Do you know my name? It doesn’t appear on the blog in a lot of places so maybe you don’t. My name is Emily Rainbow Davis. It’s time to claim my name.

When I started the blog, I needed to be anonymous. I wrote a lot about arts organizations and institutions – some of which I worked for and some of which I wanted to work for. Despite a lot of lip service about being receptive to feedback, arts organizations are notoriously prickly about criticism and hard truths. I needed to tell those hard truths but I did not want to jeopardize my meager wages by linking them to my name. As a freelancer, I couldn’t even risk telling the truth on end-of-the-year surveys if my name or any identifying info was on them. By the time I had a lot of experience, I was already seen as difficult by some of the people in authority who had the power to simply not call me the next time work was on offer. I didn’t want to give those folks more ammunition – so I did my best to obscure my identity.

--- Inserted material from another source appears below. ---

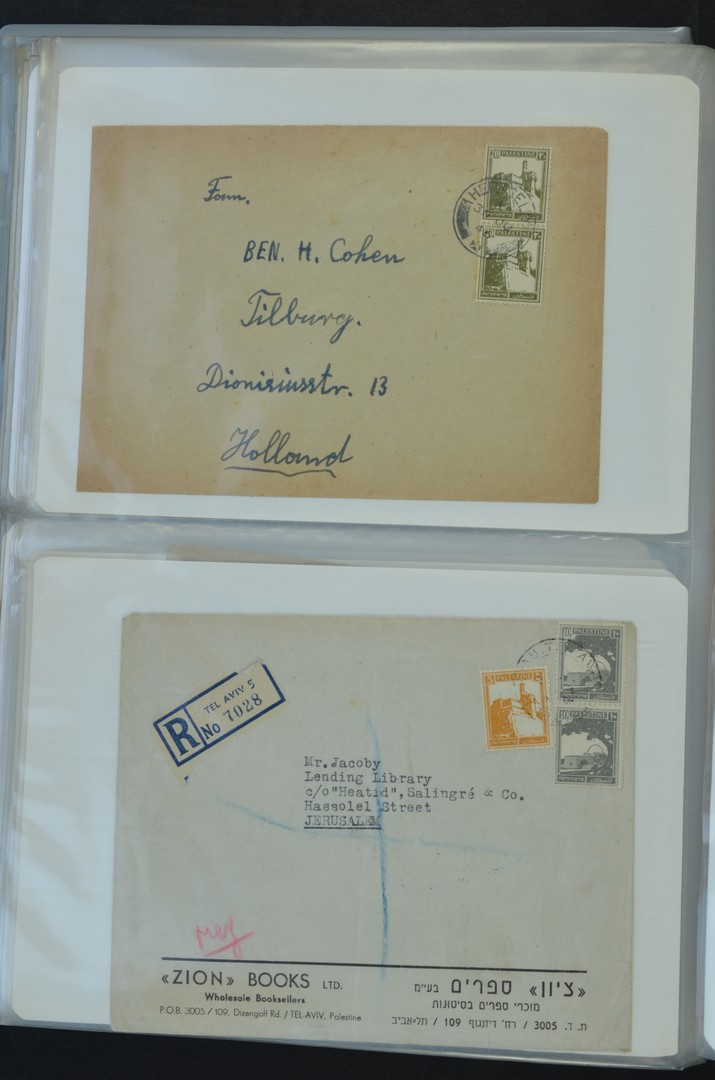 PALESTINA POSTHISTORIE, ruim 125 poststukken jaren ´30-´40 w.o. frankeringen, stempels, aangetekend, bestemmingen (o.a. Iran, Argentinië, Nederland), censuur, etc.

Also, I was well aware of what happened to women on the internet – especially feminist women. As Laurie Penny put it at PatreCon this year, “Having an opinion is like wearing a short skirt on the internet.” That is – being a woman with an opinion puts a target on your back. You’re “asking for it.” And I was definitely not interested in being on the receiving end of misogynistic abuse. I wouldn’t/couldn’t be silenced but I had to be obscured. It helped, I think. I have never been the target that I expected to be when I started talking about feminism but then I’ve also never really had the platform either. I suspect, that in the name of safety, I have sacrificed some potential for visibility as well. Is the risk gone? I doubt it. But – my interest in integrating my whole self and living it publicly is now larger than my fear. I’m so furious at how the world has devolved, I no longer think I would cower in fear at an attack. I might, instead, bare my teeth and growl.

Even in my artistic life, I’ve been only using a portion of my name. In part, this has been because my middle name can be seen as a little too feminine and in this patriarchal world, feminine things are seen as less than. There are those who don’t take me seriously because my middle name is Rainbow. It’s why I stopped using it. But…screw those people. If you can’t take a Rainbow seriously, I don’t know how to help you. It’s a kick-ass natural element that combines disparate weather elements. My parents gifted me with it. I’m going to use it. I will stop traffic with my ephemeral beauty. That’s my plan.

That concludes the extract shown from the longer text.